Note: We are looking for small letters x and y

Solution:

First, find x

YZ = opposite = x

XZ =  √3 = hypotenuse

θ =  30°

sin 30° = \( \frac {opp}{hyp} = \frac {YZ}{XZ} = \frac {x}{\sqrt {3}}\)

\( \frac {1}{2} =  \frac {x}{\sqrt {3}} \\ \frac {x}{\sqrt {3}} = \frac {1}{2} \\ \)

Multiply both sides by √3

⇒ \( \frac {x}{\sqrt {3}} \scriptsize \; \times \;  \sqrt {3} = \normalsize \frac {1}{2}  \scriptsize \; \times \;  \sqrt {3} \)

⇒ \(\scriptsize \therefore x =  \normalsize \frac{\sqrt {3}} {2} \)

Then find y,

XY = adjacent = y

XZ =  √3 = hypotenuse

θ =  30°

We know the adjacent and hypotenuse so we use cos

cos 30° = \( \frac {adj}{hyp} = \frac {XY}{XZ} \\  \scriptsize cos 30^{\circ} = \normalsize \frac {y}{\sqrt {3}} \)

Remember,

cos 30° = \( \frac {\sqrt {3}}{2}\)

substitute cos 30° into the equation

∴ \( \frac {\sqrt {3}}{2} = \frac {y}{\sqrt {3}} \)

move the unknown y to the left-hand side

∴ \(  \frac {y}{\sqrt {3}} = \frac {\sqrt {3}}{2} \)

Multiply both sides by √3

∴  \( \frac {y}{\sqrt {3}} \scriptsize\; \times \;  \sqrt {3} = \normalsize\frac {\sqrt {3}}{2} \scriptsize\; \times \;  \sqrt {3} \)

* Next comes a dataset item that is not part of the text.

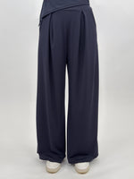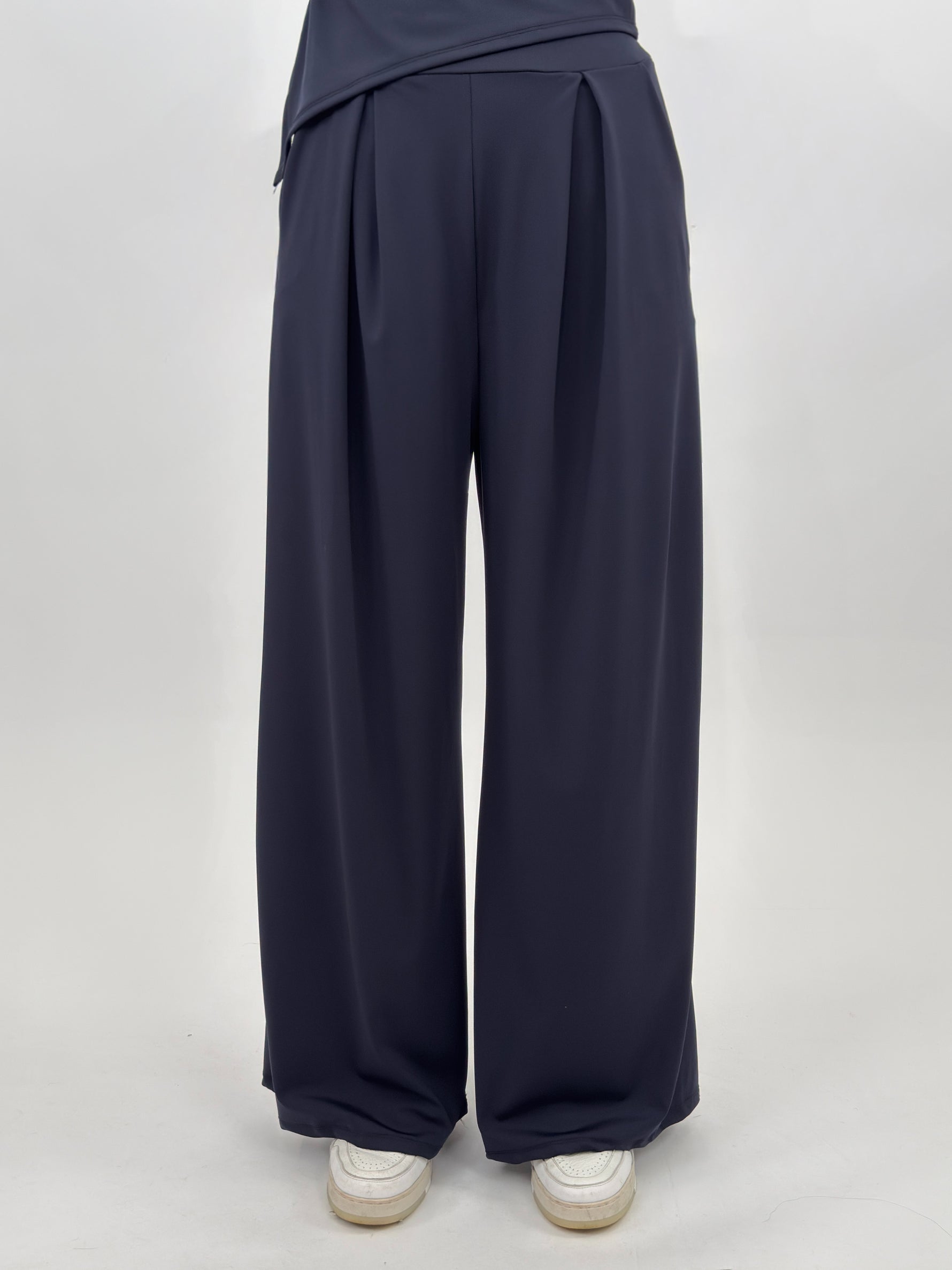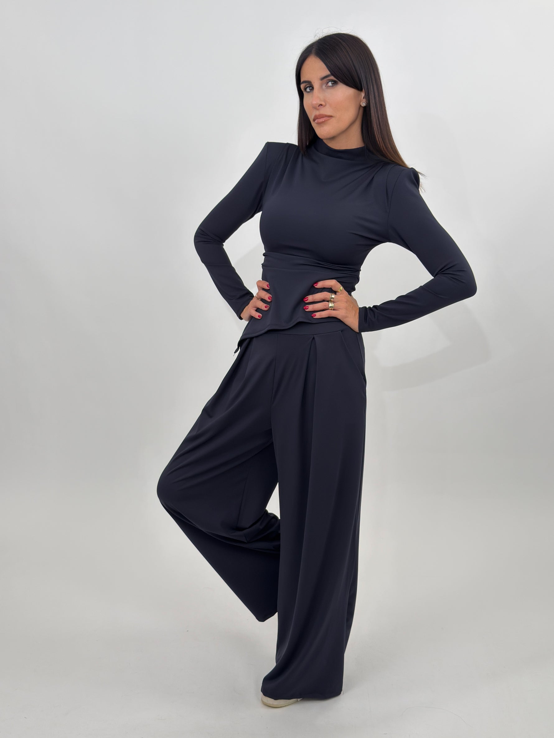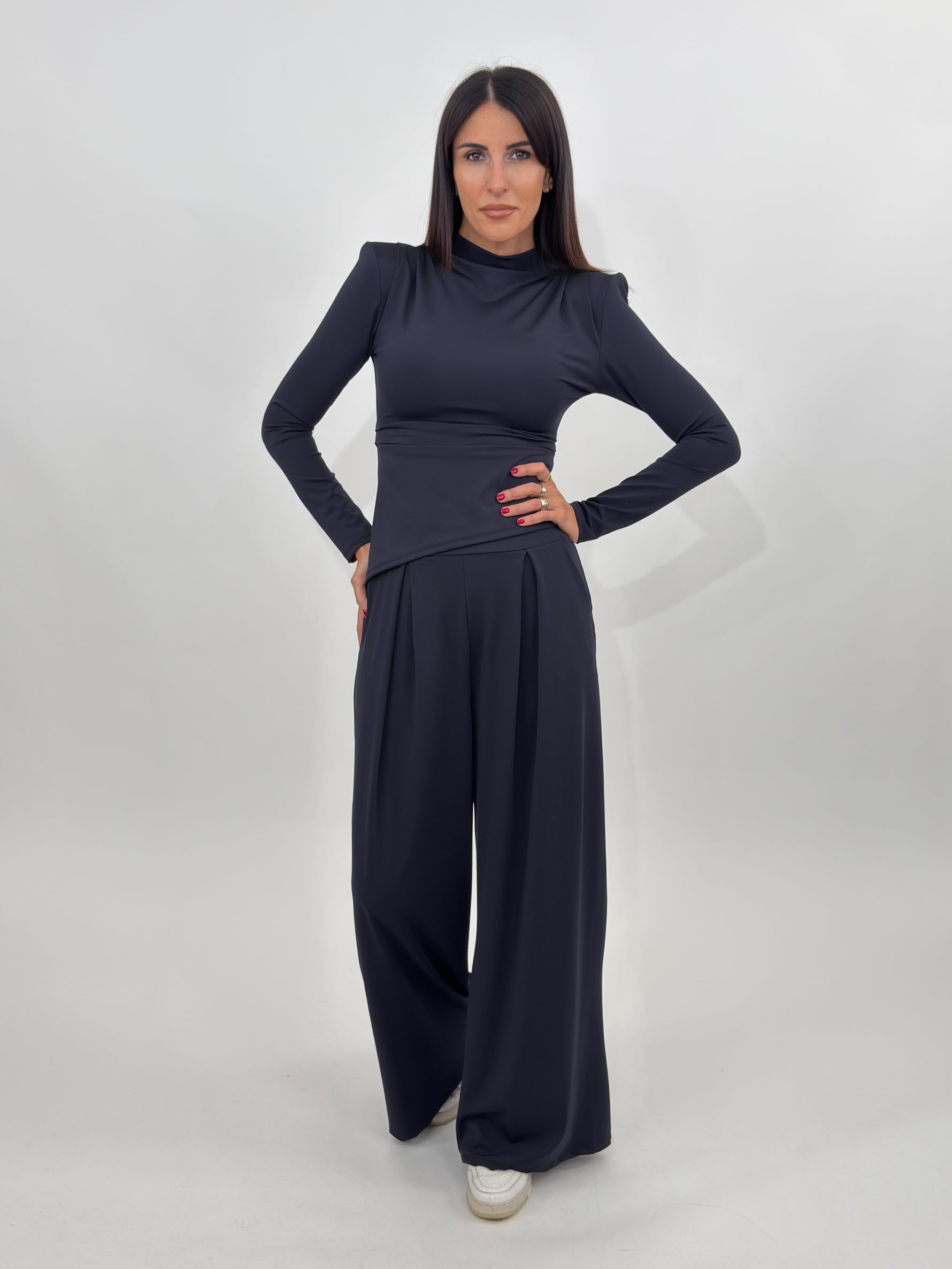 Cordset composto da maglia modello mezzo collo, manica lunga con spallina imbottita, taglio asimettrico sul fondo con arriccio laterale. Pantalone modello a gamba larga con tasche laterali e pinces sul davanti. Bustino elastico.

∴  \( \scriptsize y = \normalsize\frac {\sqrt {3} \; \times \; \sqrt {3}}{2} \)

⇒ \( \scriptsize y = \normalsize\frac {3}{2} \)

or

\( \scriptsize y = 1\normalsize\frac {1}{2} \)

SOLUTION (b)

Note: We are looking for small letters x and y

To find x we use \( \scriptsize \bar {ZXY} \)

YZ = opposite = x

XY =  6cm = hypotenuse

θ =  30°

sin 30° = \( \frac {opp}{hyp} = \frac {YZ}{XY} = \frac {x}{6}\)

⇒ \( \frac {1}{2} =  \frac {x}{6}\)

move the unknown x to the left-hand side

⇒ \( \frac {x}{6} =  \frac {1}{2}\)

Multiply both sides by 6

⇒ \( \frac {x}{6}  \scriptsize \: \times \: 6 =  \normalsize \frac {1}{2} \scriptsize \: \times \: 6 \)

x = \( \frac {6}{2}\)

∴  x = 3 cm

 

To find y we have to first find XZ then WZ then subtract.

∴ y = XZ – WZ

First, find XZ

To find XZ we use \( \scriptsize \bar {ZXY} \)

XZ =  Adjacent

YZ  = x = 3cm = Opposite

θ =  30°

tan 30° = \( \frac {opp}{adj} =  \frac {YZ}{XZ} \)

tan 30° = \( \frac {x}{XZ}  \)

Remember tan 30° = \( \frac {1}{\sqrt{3}}\)

x = 3cm

⇒ \( \frac {1}{\sqrt{3}} =  \frac {3}{XZ} \)

move the unknown XZ to the left-hand side

⇒ \(  \frac {3}{XZ} = \frac {1}{\sqrt{3}} \)

Cross multiply

⇒ \(  \scriptsize XZ  = 3 \sqrt{3} \: cm\)

 

The next step is to find WZ

To find WZ we use \( \scriptsize \bar {ZWY} \)

Adjacent = WZ

Opposite = x = 3cm (solved previously)

θ =  60°

∴ tan θ = \( \frac {opp}{adj} \)

∴ tan 60° = \( \frac {3}{WZ} \)

Remember tan 60° = \( \frac {\sqrt{3}}{1} \)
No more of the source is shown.